The task ->
Retype, word for word, the lines from the first line of the entries through the line that holds "Finalmente el gobierno"; leave out the pictures.

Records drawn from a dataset
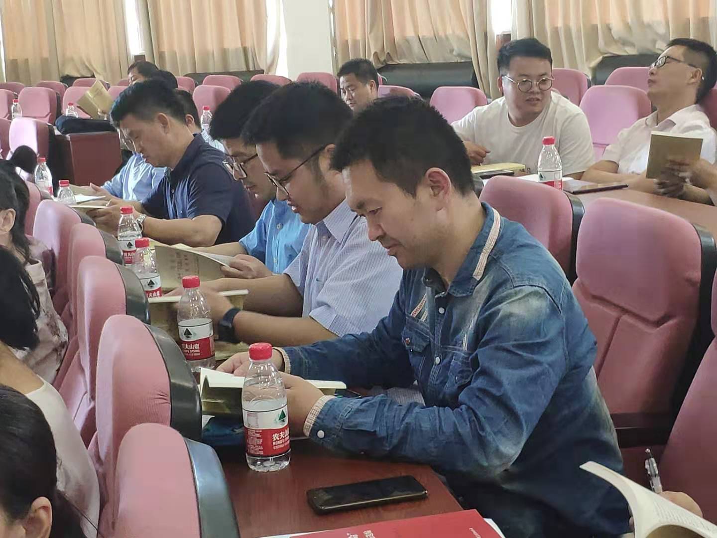 最后,学院向与会人员发放《习近平关于“不忘初心、牢记使命”论述摘篇》、《习近平新时代中国特色社会主义思想学习纲要》两本书籍,并组织现场交流学习。
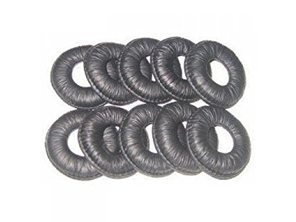Større ørepuder i læder til Jabra PRO 9400 (5,5 cm diameter). Disse større ørepuder, der fås som tilbehør, giver 3-5 dB mere passiv støjdæmpning end standardørepuden og tilbyder forbedret komfort.
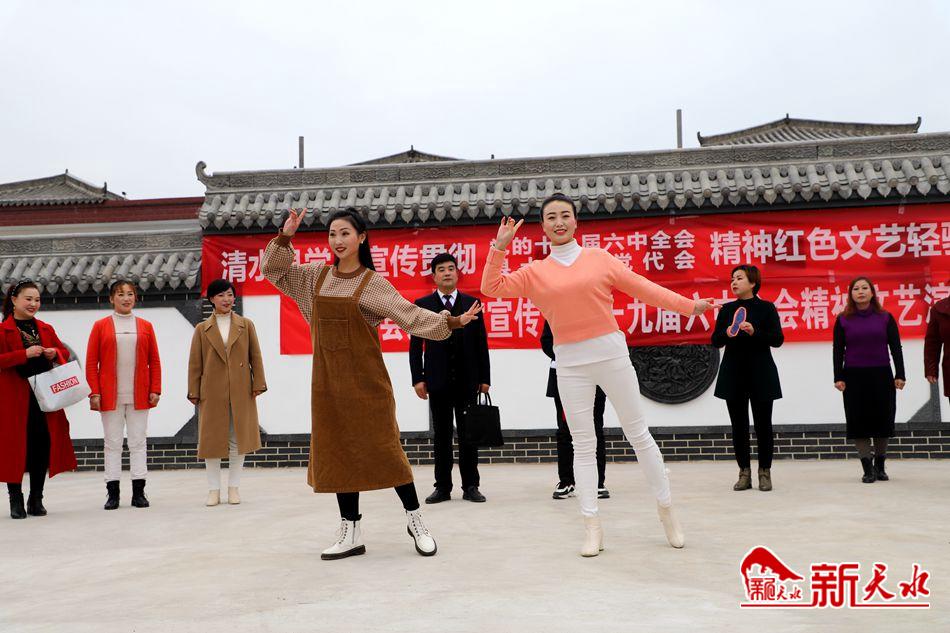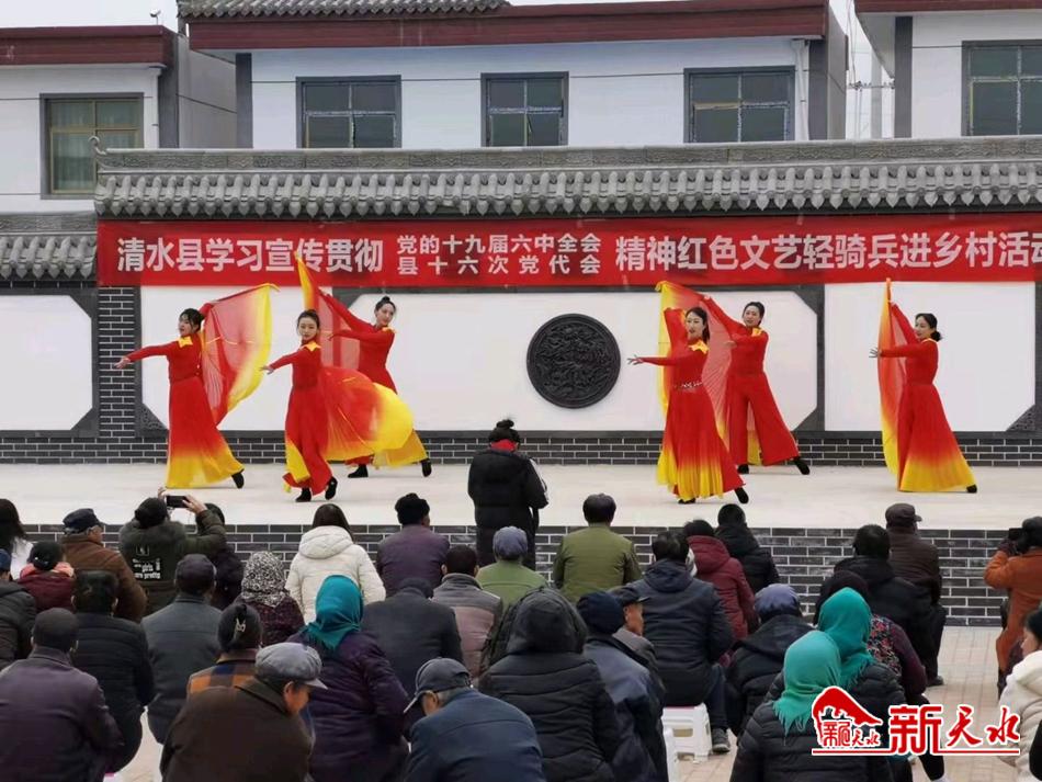 新天水讯【特约通讯员王玉芳 韦亚倩】12月14日,为深入学习宣传贯彻党的十九届六中全会和清水县第十六次党代会精神,进一步丰富广大群众精神文化生活,清水县组织开展了红色文艺轻骑兵进乡村惠民演出活动。
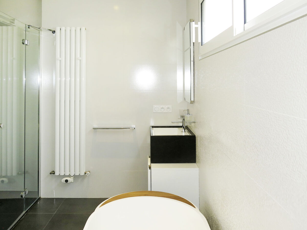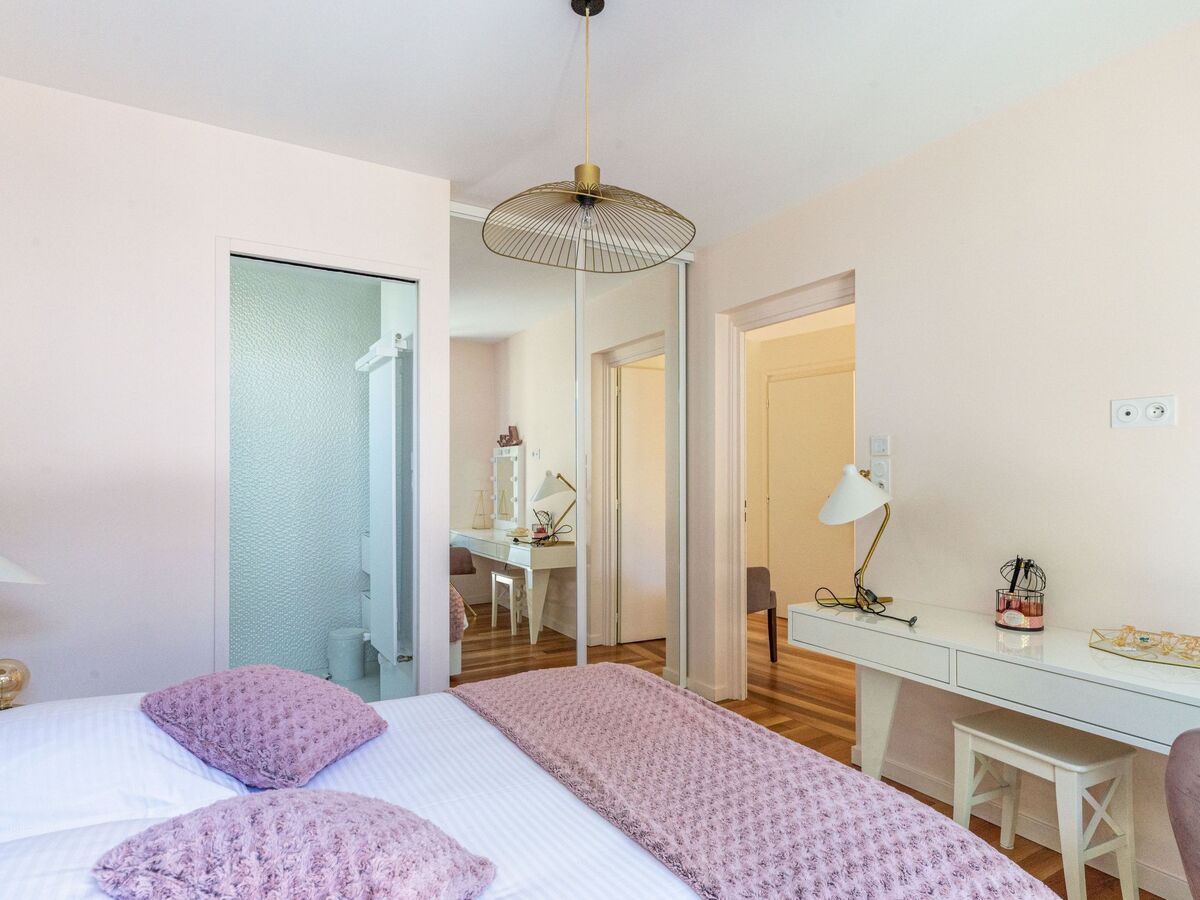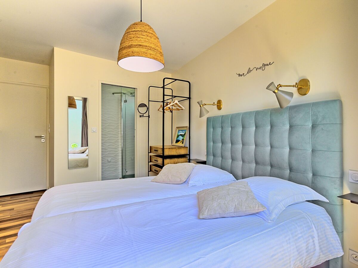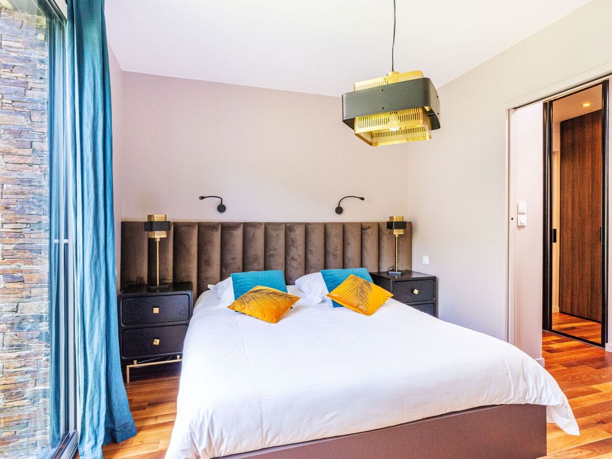 1 chambre avec 1 grand-lit (160 cm, longueur 200 cm), bain/douche et double vasque.
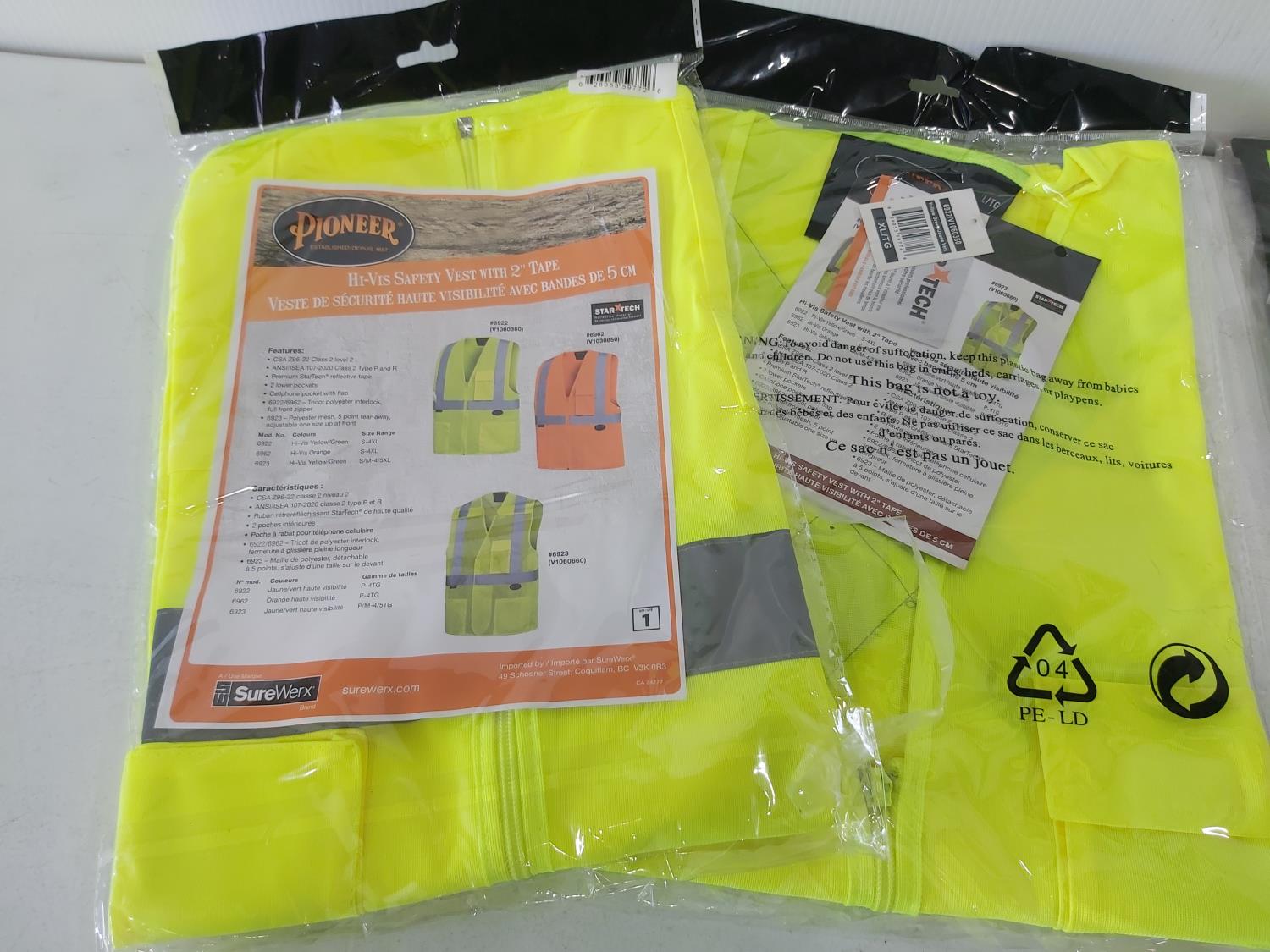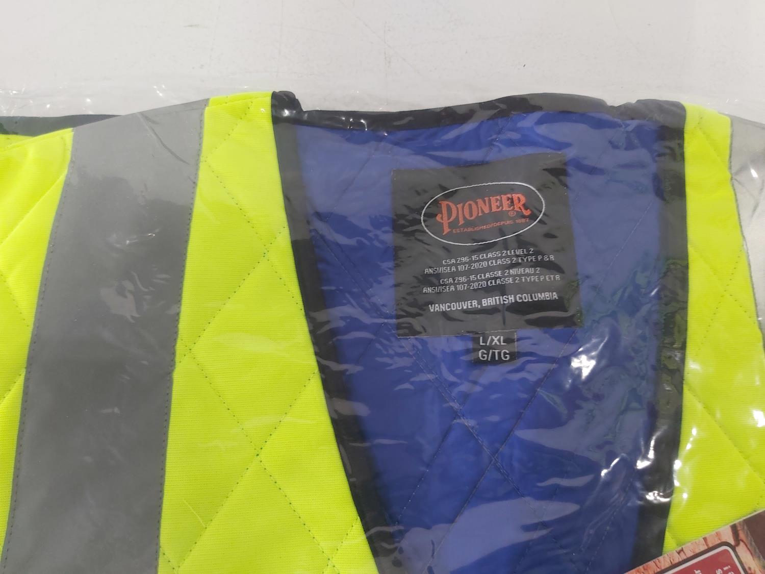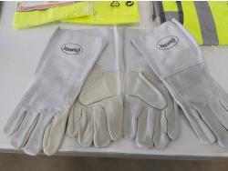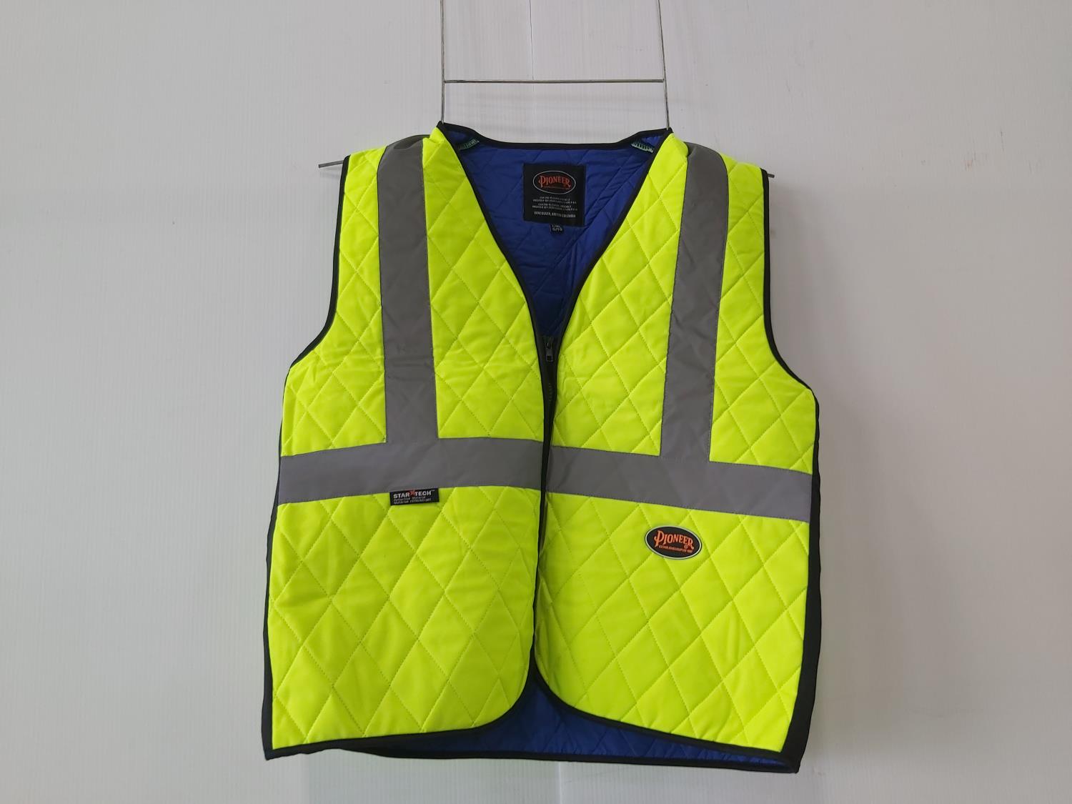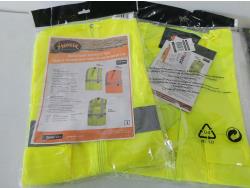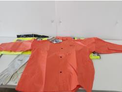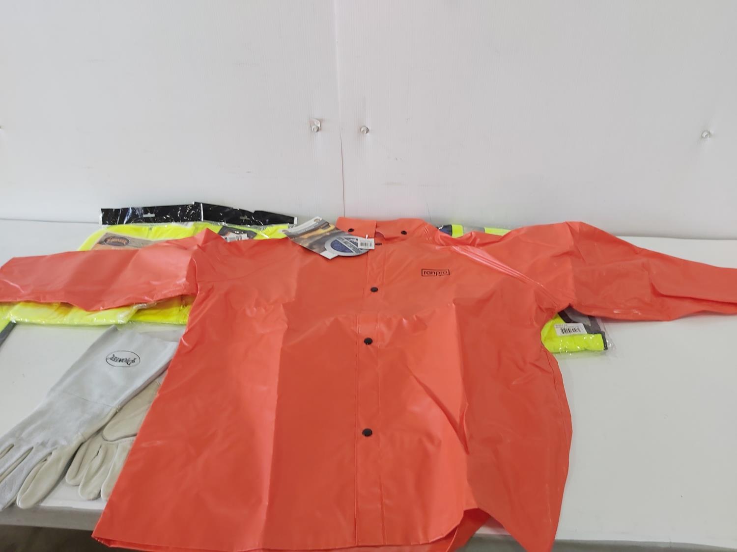 (3) L-XL quilted safety vests, (1) medium rain jacket, (2) XL safety vests, (2) pairs of XL leather gloves
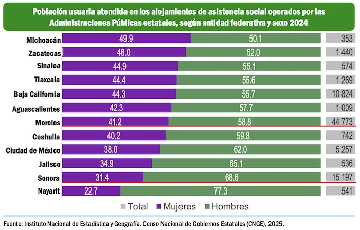 Finalmente el gobierno de Morelos es el que más personas atendió en alojamiento de asistencia social operados con recursos estatales durante 2024, al sumar 44 mil 773 personas protegidas, pero hay entidades con más capacidad económica donde los registros son pobres, como comno Michoacán, con 353 personas socorridas y Jalisco con apenas 536 que recibieron el abrigo de instituciones estatales de asistencia social en el transcurso del año.
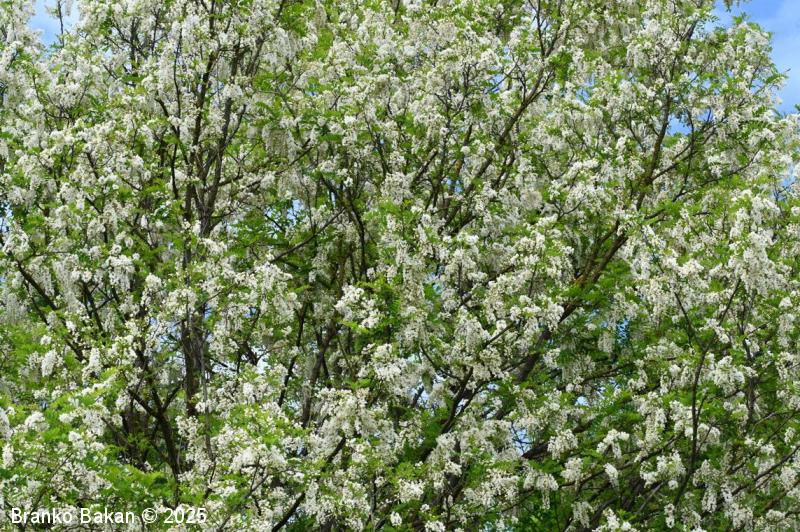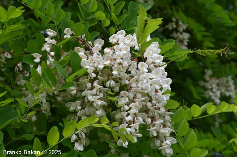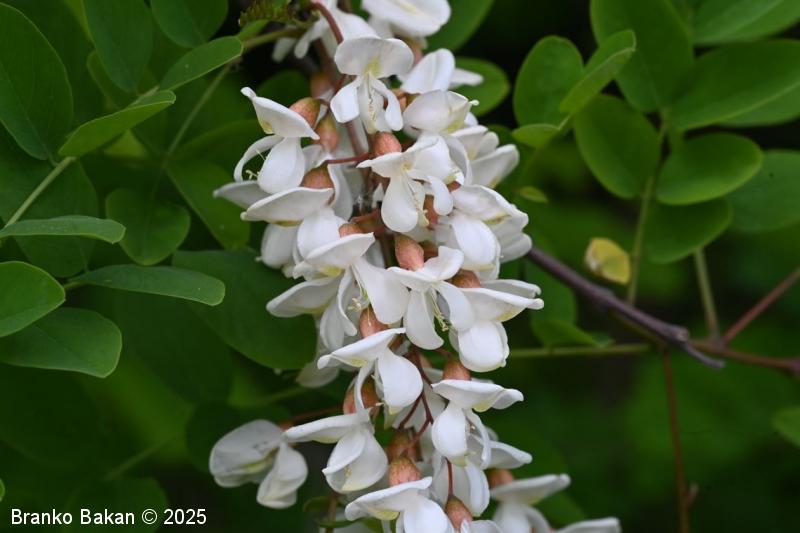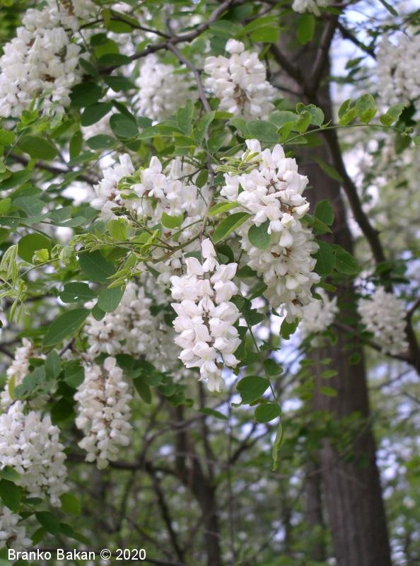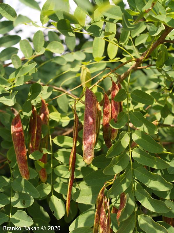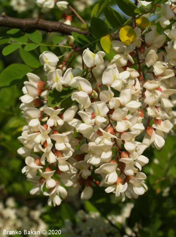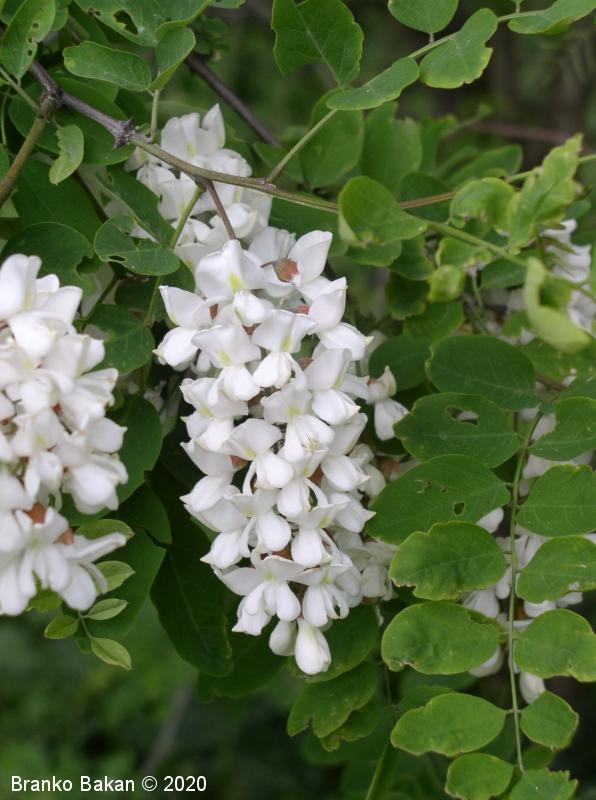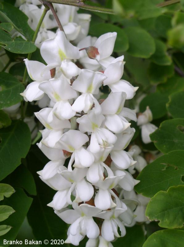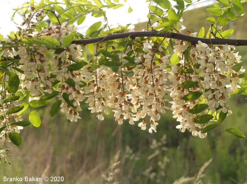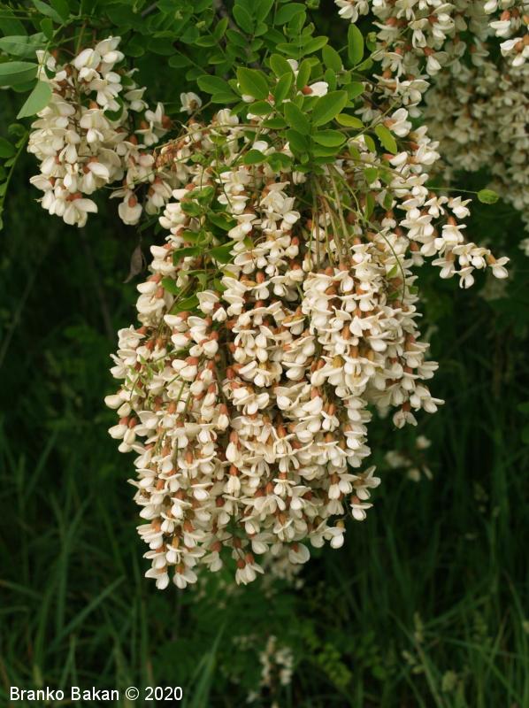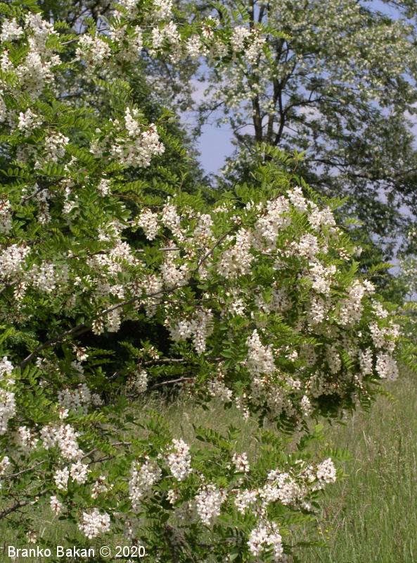 Posebnosti: vsa rastlina - z izjemo cvetov - je zelo strupena! Robinija izvira iz Severne Amerike in se je v Evropi sprva razširila kot okrasno drevo nekje v 17. stol., kasneje so jo širili zaradi lesa in bogatega cvetja, kar je še dandanes priljubljeno pri čebelarjih. Robinija je v svetovnem merilu v skupini najbolj invazivnih organizmov, čeprav se je marsikje že popolnoma naturalizirala.

Output below ->
 最后,学院向与会人员发放《习近平关于“不忘初心、牢记使命”论述摘篇》、《习近平新时代中国特色社会主义思想学习纲要》两本书籍,并组织现场交流学习。
Større ørepuder i læder til Jabra PRO 9400 (5,5 cm diameter). Disse større ørepuder, der fås som tilbehør, giver 3-5 dB mere passiv støjdæmpning end standardørepuden og tilbyder forbedret komfort.
 新天水讯【特约通讯员王玉芳 韦亚倩】12月14日,为深入学习宣传贯彻党的十九届六中全会和清水县第十六次党代会精神,进一步丰富广大群众精神文化生活,清水县组织开展了红色文艺轻骑兵进乡村惠民演出活动。
 1 chambre avec 1 grand-lit (160 cm, longueur 200 cm), bain/douche et double vasque.
 (3) L-XL quilted safety vests, (1) medium rain jacket, (2) XL safety vests, (2) pairs of XL leather gloves
 Finalmente el gobierno de Morelos es el que más personas atendió en alojamiento de asistencia social operados con recursos estatales durante 2024, al sumar 44 mil 773 personas protegidas, pero hay entidades con más capacidad económica donde los registros son pobres, como comno Michoacán, con 353 personas socorridas y Jalisco con apenas 536 que recibieron el abrigo de instituciones estatales de asistencia social en el transcurso del año.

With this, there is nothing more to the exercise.